> How to complete this task
Starting at the line that contains "Зошити учнівські 12", repeat each line of the listing below through the last one, exactly, and leave out every picture.

> Records provided
-=-=-=-=-
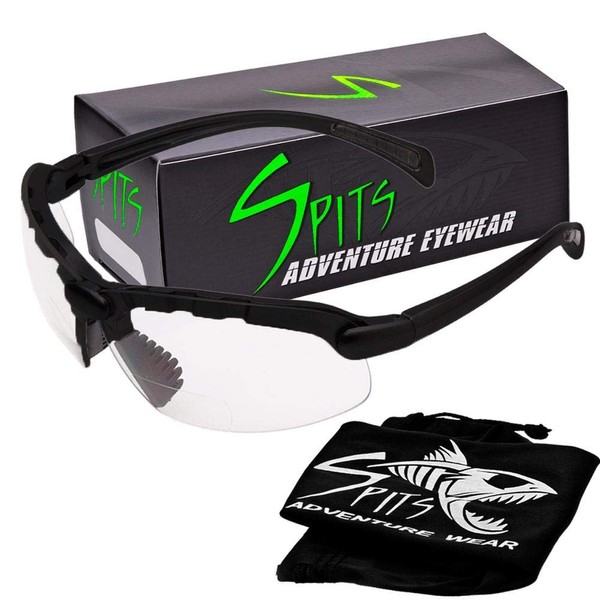 Spits Eyewear Top Or Bottom Bifocal Safety Glasses (Frame Color: Gloss Black, Magnifier: 1.25 TOP Clear)
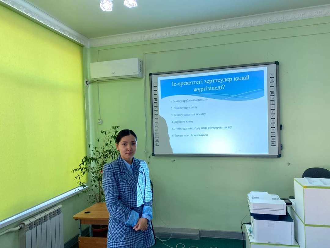 Бүгін Атырау облысы, Исатай ауданы, жалпы білім беретін Ғибатолла Мәсәлімов атындағы орта мектеп КММ - де Қазақ тілі және әдебиеті пәні мұғалімі, жоғары категориялы , тәжірибелі ұстаз Сапарова Мейрамгүл Мүтиғоллақызы мен жас ұстаз, аудандық, облыстық,Республикалық олимпиадаларға оқушы шығарып жүрген шығармашыл ұстаз Сүндетқалиева Гүлайна Бекежанқызының ұйымдастыруымен “Іс-әрекетті зерттеу” тақырыбында тәжірибе алмасу өтті. Шара барысында ұстаздар Lesson Stady әдісінде қолданылатын тиімді әрекеттерге тоқталды. Пікір алмасу барысында тәжірибелі ұстаздар оң бағаларын білдірді.
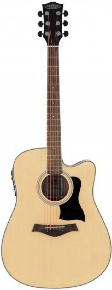 Elektroakustická kytara typu dreadnought leském černém provedení s přední deskou ze smrkového dřeva a zadní deskou a luby z Mahagonu Sapele. Krk je vyroben z javoru. Šířka těla 40 cm, šířka nultého pražce 43 mm. Nechybí olejová mechanika, perleťové vložky, hardware v provedení chrom nebo vestavěný předzesilovač s 3-pásmovým ekvalizérem a LED ko...
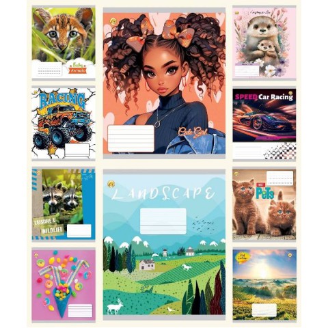 Зошити учнівські 12 аркушів лінія Тверда ТЕ42103 12ЛВ3 МІКС, 25 шт. в упаковці
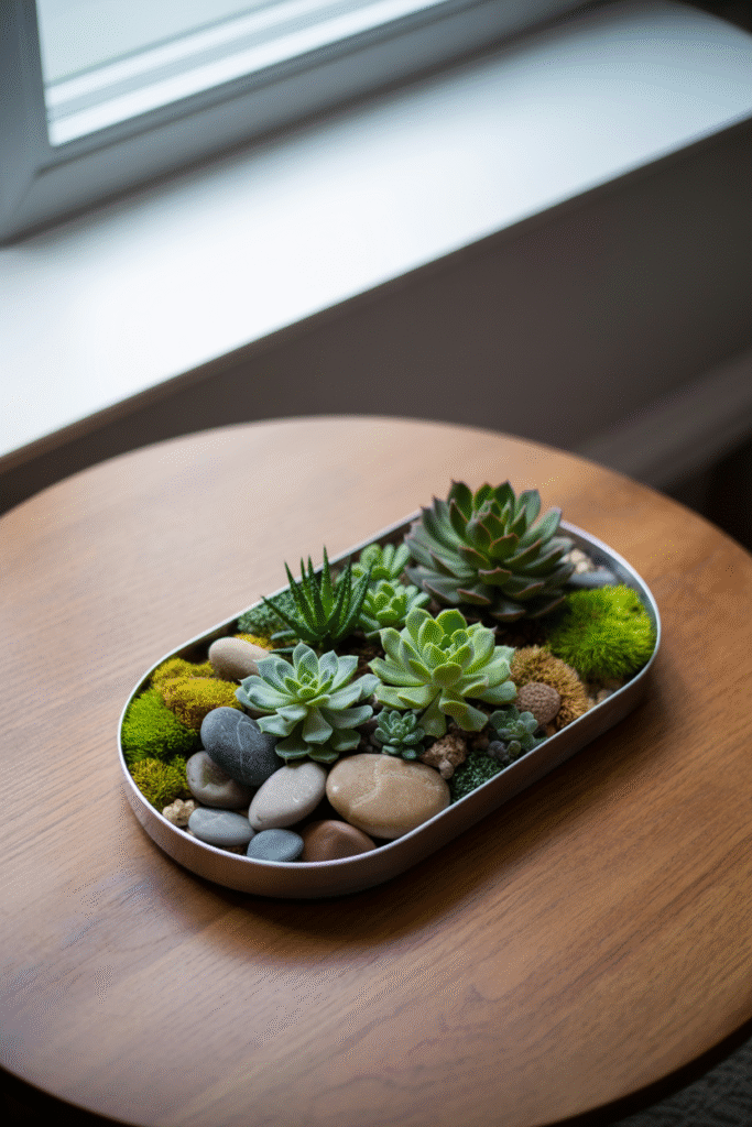 Place a shallow tray on your coffee table and fill it with small succulents, moss, and decorative stones. It’s a living centerpiece that’s easy to move when you need the space.
-=-=-=-=-
> Answer
 Зошити учнівські 12 аркушів лінія Тверда ТЕ42103 12ЛВ3 МІКС, 25 шт. в упаковці
 Place a shallow tray on your coffee table and fill it with small succulents, moss, and decorative stones. It’s a living centerpiece that’s easy to move when you need the space.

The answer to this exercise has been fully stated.